Why are $p$ and $q$ independent variables in Hamiltonian formalism?

Question

Let's say we have $(q, \dot{q})$ as the generalised coordinate and generalised velocity. If we have a Lagrangian given by $$L=Aq\dot{q}+Bq$$ where $A$ and $B$ are constants that give the right units to the Lagrangian, then the canonical momentum $p$ we use to perform the Legendre transformation to get the Hamiltonian is

$$p=\frac{\partial L}{\partial \dot{q}}=Aq.$$ But then $p$ and $q$ are not independent variables as $$\frac{\partial p}{\partial q}=\frac{\partial}{\partial q} Aq=A\neq0.$$

What am I doing wrong here?

Answer 1

1. OP's Lagrangian $$L(q,v,t)~=~Aqv+Bq\tag{1}$$ has EL equation $$B~\approx~ 0,\tag{2}$$ so the theory only has classical solutions if $B=0$. In the latter case, the Lagrangian is a total derivative, so the Euler-Lagrange (EL) equation is trivially satisfied. Either way, OP's Lagrangian leads to a rather singular theory.

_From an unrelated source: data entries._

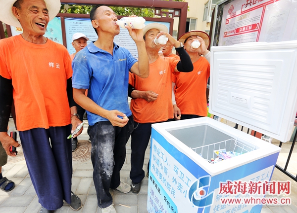 連日來,氣溫偏高,環翠區北門外社區、花園社區等社區單位的愛心共享冰柜正式上崗,為環衛、建筑、物業、外賣、快遞等戶外工作人員免費提供礦泉水 、雪糕等降暑物品,許多愛心市民、商家也紛紛主動補充消暑品,在炎炎夏日分享清涼與關愛。記者 劉志鵬 攝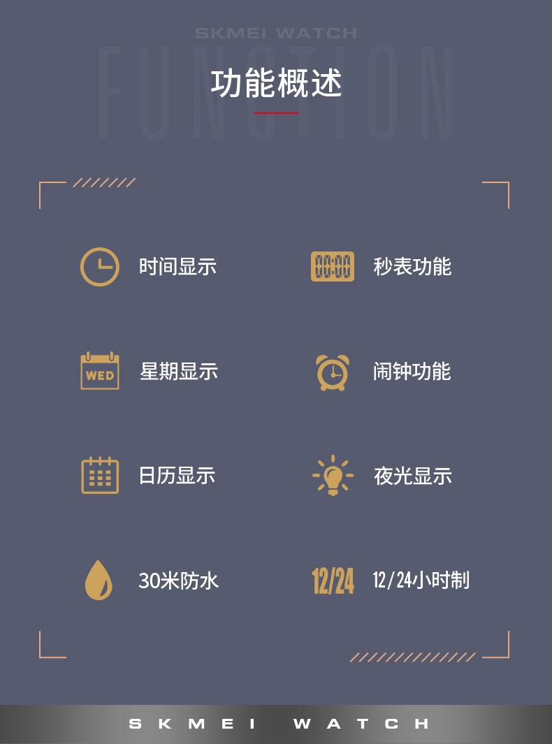 Time, stopwatch timing, el luminous, date display, alarm clock, day of the week, hourly time, 12/24 hour system.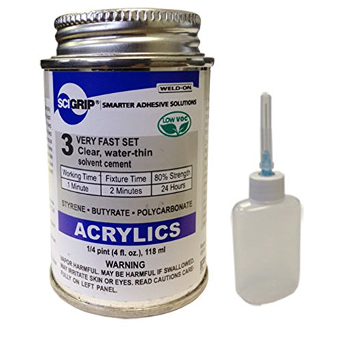 IPS Weld-On 3 Acrylic Plastic Cement with Weld-On Applicator Bottle with Needle, 4 oz Can, Clear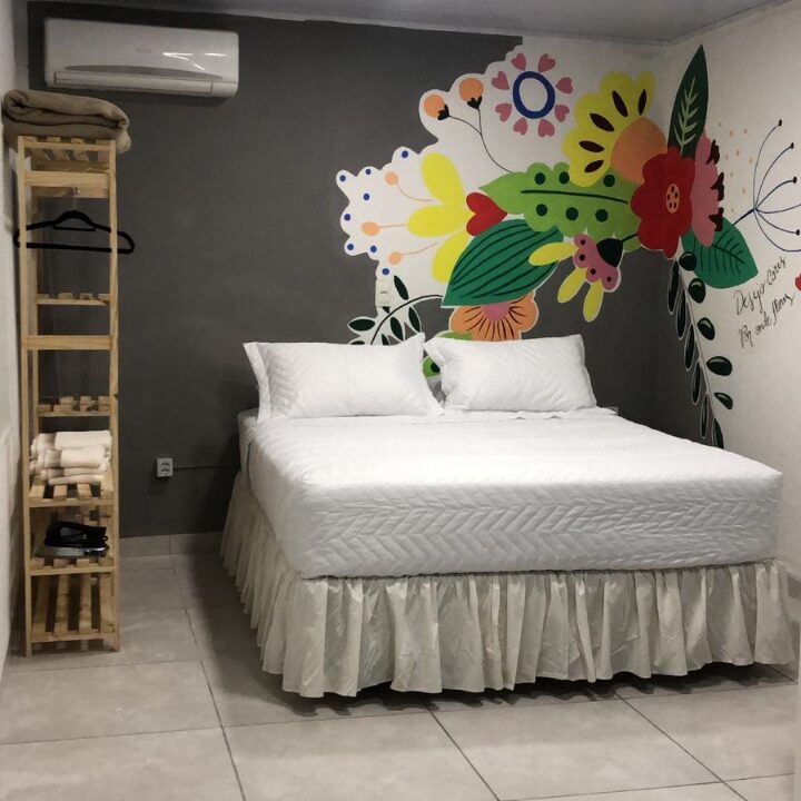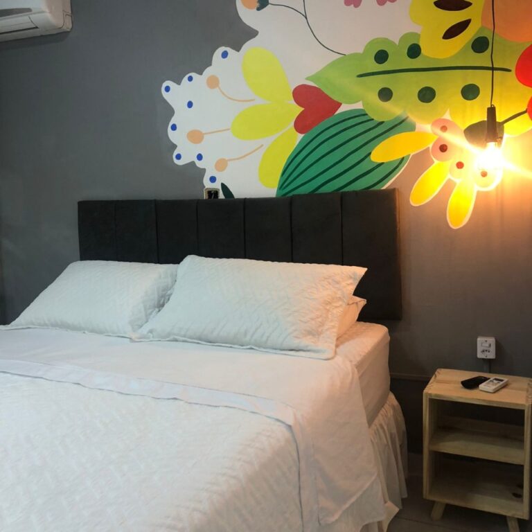 Quarto com ar-condicionado, cama queen, mesa para refeição, roupeiro, TV 42” com TV Box, acesso à internet de alta velocidade.
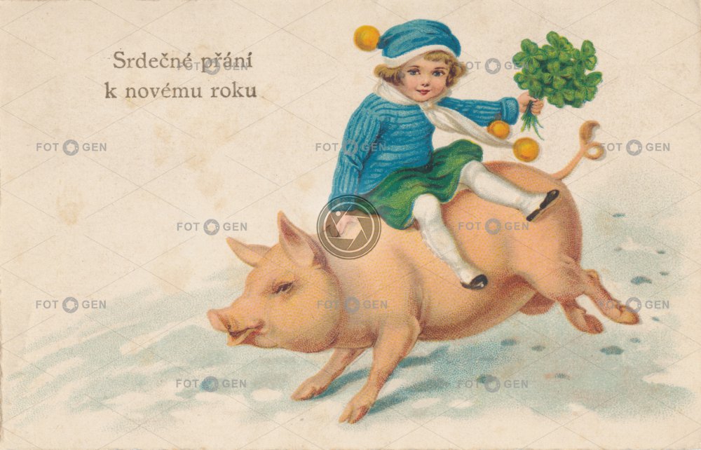 čtyřlístek dívka Feiertage girl Glück holčička holidays holka Christmas kreslené leisure luck Mädchen malované novoroční nový rok pig prasátko prase prvorepublikové přání Schwein sváteční svátky štěstí vánoce vánoční vepř volný čas Weihnachten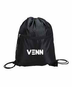 Sport bag with a contrast color front-zippered pocket, reinforced corners and a drawstring closure. Drawstrings double as backpack straps. 12 1/2" W x 15 1/2" H x 3/16" D.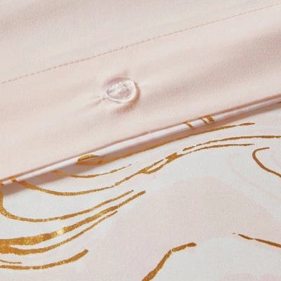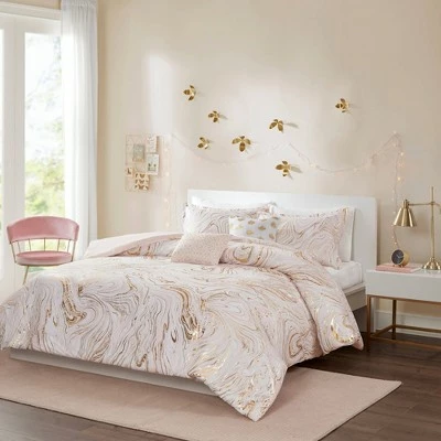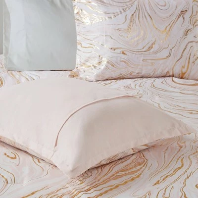 Make your bedroom shine with the Intelligent Design Vanessa Metallic Printed Duvet Cover Set. The extra-soft, brushed duvet cover flaunts a swirl marble print, for a stunning contemporary design. A solid color reverse complements the top of the bed, while matching shams (1 for Twin Sizes) mirror the look of the duvet cover. Two decorative pillows with hypoallergenic polyester filling and shiny metallic thread add the perfect finishing touches. This bedding set is OEKO-TEX certified, meaning it does not contain any harmful substances or chemicals, and uses an antimicrobial treatment that provides built-in freshness protection, reducing the growth of odor causing bacteria to keep fabric lasting longer. A button closure allows you to place a padded insert within the duvet cover and internal corner ties prevent it from shifting (Insert is NOT included).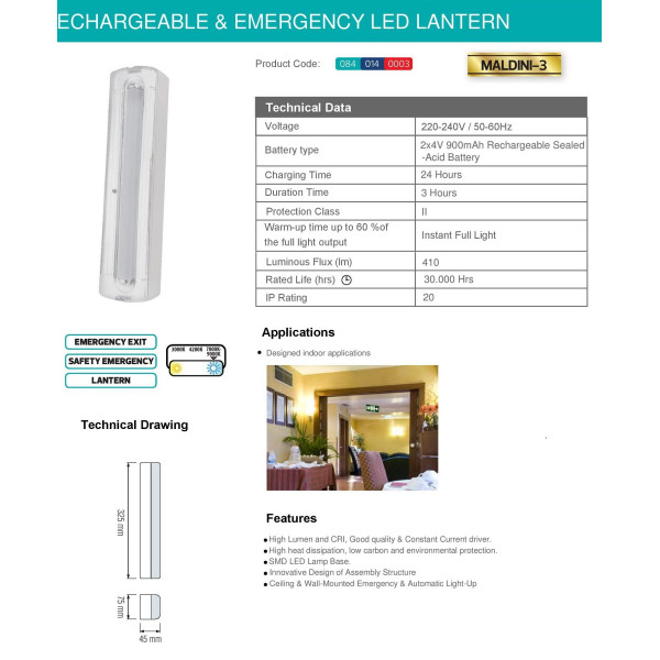 Panik LED lampa M631L. Brend: Mitea lighting. LED: SMD Boja: Bela Dimenzije: L: 241 x W: 60 x H: 45 mm Radni napon: 210~250V Snaga (procenjena): 2W Potrošnja elek. energije: 2 Kwh / 1000h Lumen flux (nom.): 180 (lm) Temp. boje svetl.: 6500 K (Dnevna svetl.) Ugao rasipanja svetlosti (nom.): 120º CRI - indeks reprodukcije boja: ≥70(Ra) IP zaštita: IP40 Materijal: ABS (Akrilonitril butadien stiren) Stepen električne zaštite: II klasa Životni vek: 20.000 h na 25° C Temperatura okoline: 0~ +40 °C Način montaže: Na plafon ili na zid Kapacitet baterije: 3,7V 1500 mAh Vreme rada baterije: 3~6h Prekidač: ON-OFF Dimabilnost: Ne EXIT nalepnica u kompletu sa proizv.: Da Daljina uočavanja: 16m Vreme punjenja: 20-24h Režim rada: Pripravni režim Težina: 600g. Energetska efikasnost: A.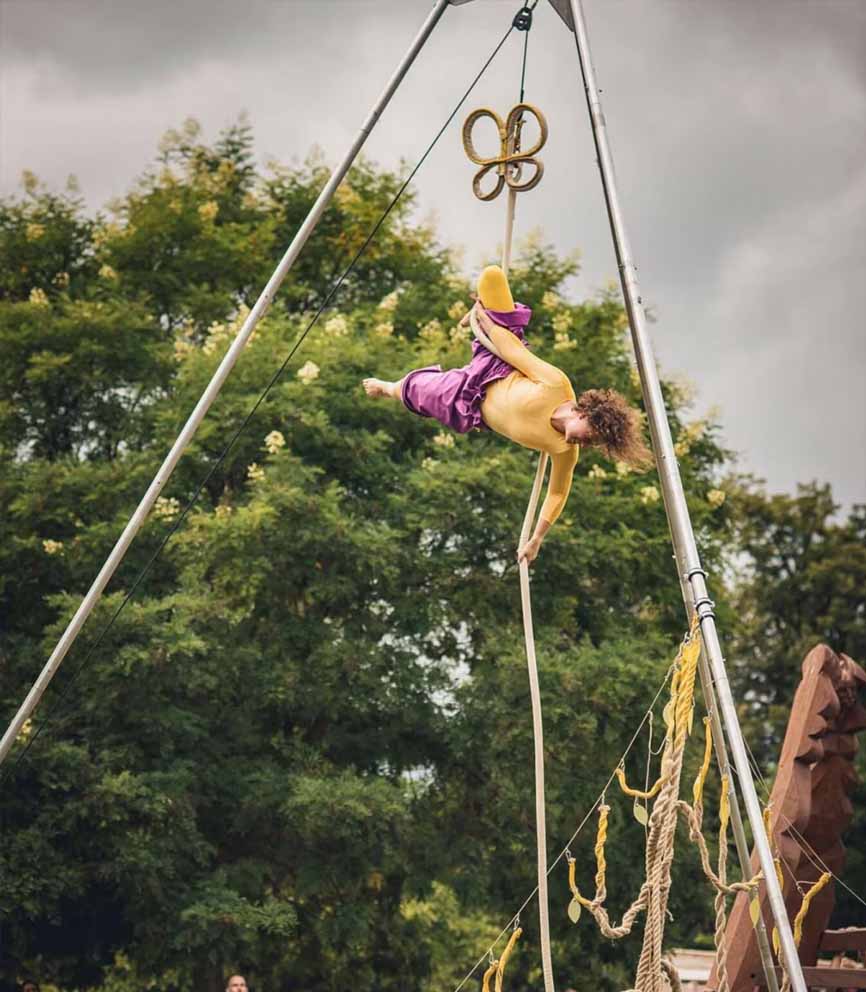 The microcosmos of insects is an accelerated analogy of the world of bipeds, i.e. us humans. Each chrysalis, caterpillar and butterfly plays its important role in shaping the overall balance. A new circus show, which is the gateway to a miniature world, where even an apple comes to life and where the art of flight is a beautiful reality. Fragility, freedom and the endless world of imagination. A performance for small children and big children, i.e. adults.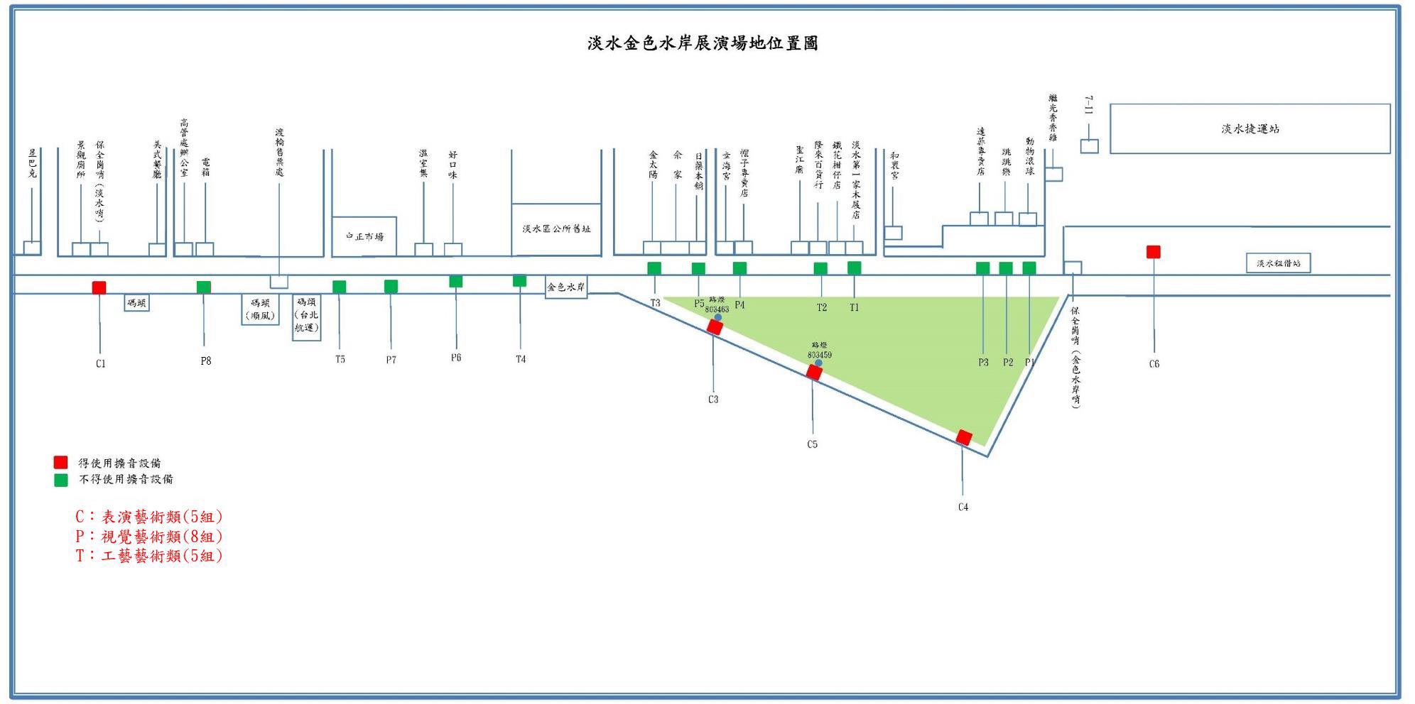 【表演藝術類5組、視覺藝術類8組、工藝藝術類5組。詳見下方「淡水金色水岸展演場地位置圖」】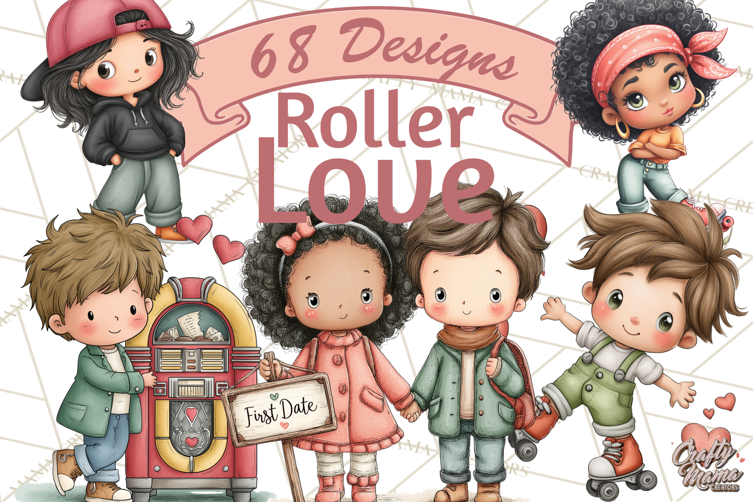 Lace up for fun with The Retro Roller Skating Date Clipart digital download! This nostalgic collection features cute characters and teddy bears in 80s/90s gear, enjoying roller skates, milkshakes, and arcade games at a classic diner. Perfect for retro party invitations, sublimation apparel, unique Valentine's Day cards, and 90s-themed crafts!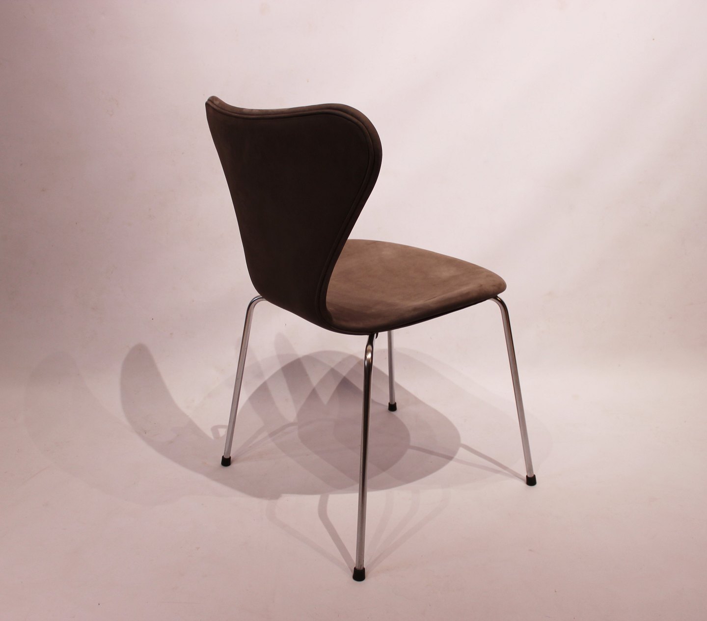 Beskrivelse: Et sæt af 6 Syver stole, model 3107, designet af Arne Jacobsen og fremstillet hos Fritz Hansen i 1967. Stolene er originalt polstret i lysebrunt nubuck læder.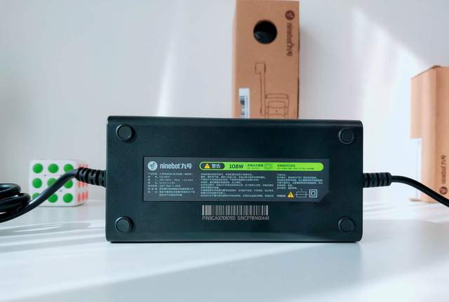 为保证足够的充电功率和散热,九号电动车A40莎莉合作款的锂电池充电器体积并不算小,输出功率为54.2V/2.0A,官方宣称为108w,相比B90的160w充电功率要小一些。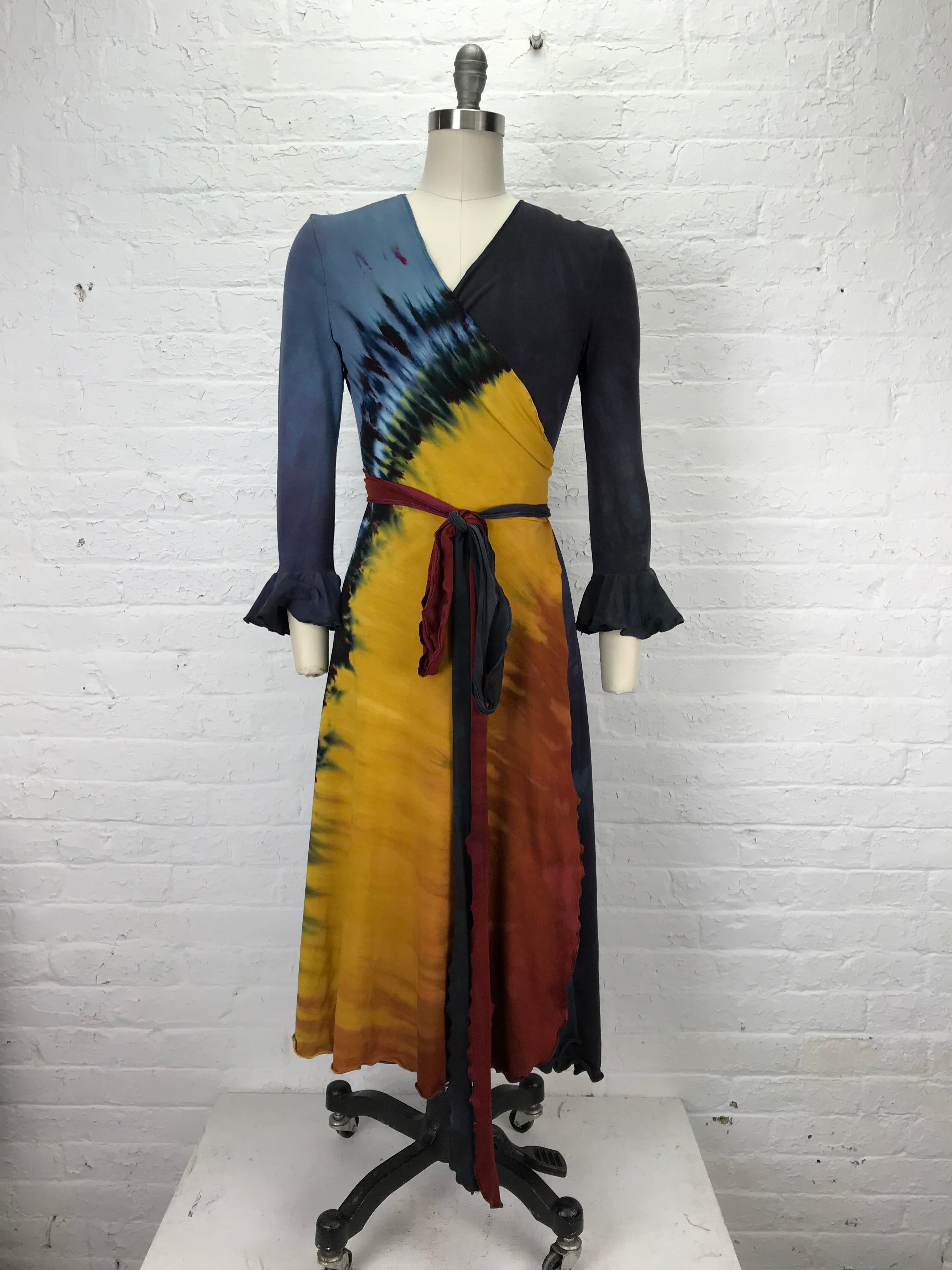 Wrap yourself in romance with our Flamenco Wrap Dress. The intense and intricate dyeing on this dress invokes the heat of the southern Spanish sunlight. These are truly unique and unrepeatable!
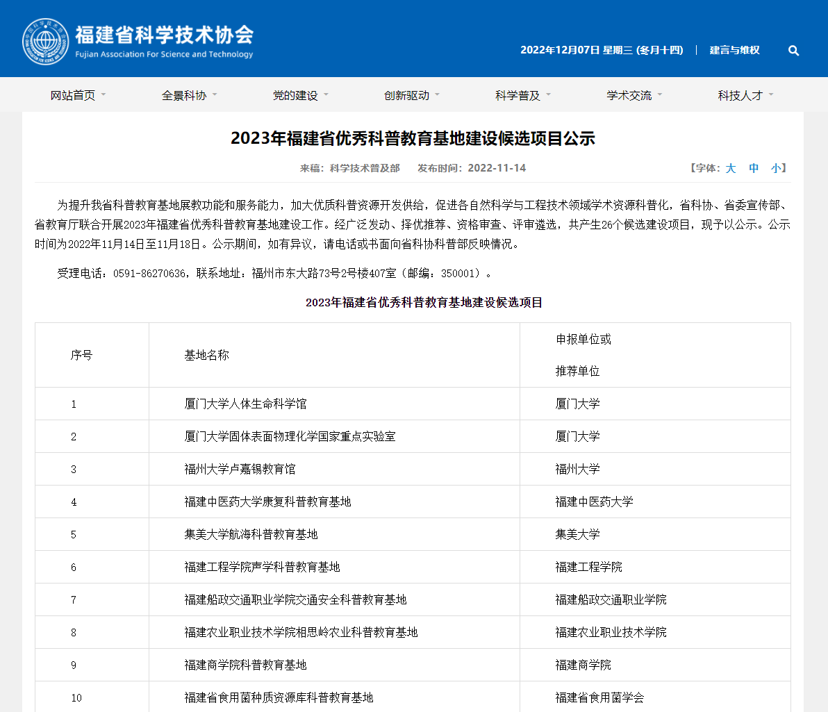 2022年8月底-9月初,在校領(lǐng)導(dǎo)的關(guān)心支持下,安全與環(huán)境學(xué)院積極籌備,完成“福建省優(yōu)秀科普教育基地”申報工作。經(jīng)福建省科學(xué)技術(shù)協(xié)會考察遴選,獲批“福建省優(yōu)秀科普教育基地”建設(shè)。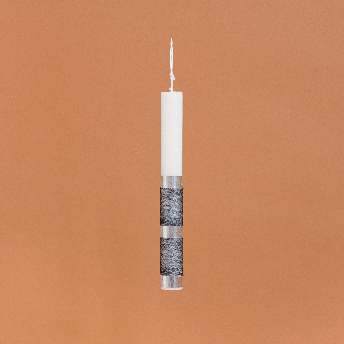 Beauty Home ΛΑΜΠΑΔΑ ΣΤΟΛΙΣΜΕΝΗ ΑΣΗΜΙ ΜΕ ΜΑΥΡΗ ΚΟΡΔΕΛΑ ΣΕ ΣΥΣΚΕΥΑΣΙΑ ΔΩΡΟΥ – 🕯️ Χειροποίητη Πασχαλινή Λαμπάδα σε Κουτί Δώρου 🎁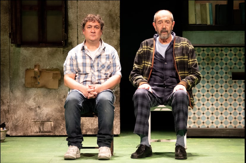 Nunca es fácil adaptar para el teatro o el cine una novela. Hay que recortar, agilizar diálogos, prescindir de pasajes descriptivos. Una sucesión continua de renuncias. Más difícil parece cuando se trata de una obra como Los asquerosos, de Santiago Lorenzo, uno de los grandes fenómenos editoriales de los últimos años, cuya trama es mínima: un joven hiere a un policía, se refugia en un pueblo abandonado con la ayuda de su tío y acaba adorando esa vida en soledad hasta convertirse en un misántropo. Además, no hay diálogos, todo lo que sucede está relatado por el tío y el lenguaje es barroco. En este sentido, la versión que han hecho Jordi Galcerán y Jaume Buixó es elogiable, pues extrae diálogos donde no los había desgajando el monólogo del tío en conversaciones telefónicas con el sobrino, lo que convierte la narración en acción teatral. Y sobre todo, saca todo el jugo humorístico que contiene la novela, especialmente en los episodios en los que aparecen los “asquerosos” o “mochufas”, la estridente y paródica familia de domingueros que irrumpe en el pueblo cada fin de semana.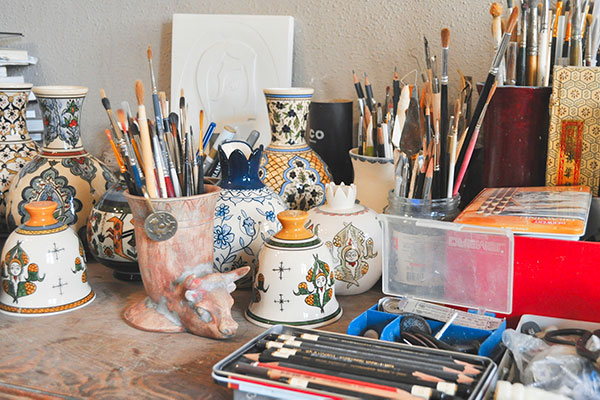 Gurgen and the other artists at Qnar Ceramics are trying to preserve the well known Armenian traditions of ceramics by using Armenian ornaments and patterns. At the same time, they use fragments, faces, flowers, and motifs from their everyday lives, which injects modernity into their designs. The manufacturer mainly works with white clay and porcelain which are painted. They offer workshops and masterclasses to ceramic lovers and believe that it is impossible not to like clay once you try it.

2. Concerning the corresponding Hamiltonian formulation, OP's Lagrangian is an example where the Legendre transformation is singular, i.e. we cannot invert the relation $$p~=~\frac{\partial L}{\partial v}~=~Aq\tag{3}$$ to find $v$ as a function of $p$. Instead eq. (3) is a primary constraint, i.e. $q$ and $p$ are indeed not independent variables, and one would have to perform a Dirac-Bergmann analysis. A secondary constraint is eq. (2). The Hamiltonian becomes $$H~=~\lambda(p-Aq),\tag{4}$$ where $\lambda$ is a Lagrange multiplier.

3. For regular Lagrangians, see e.g. this related Phys.SE post.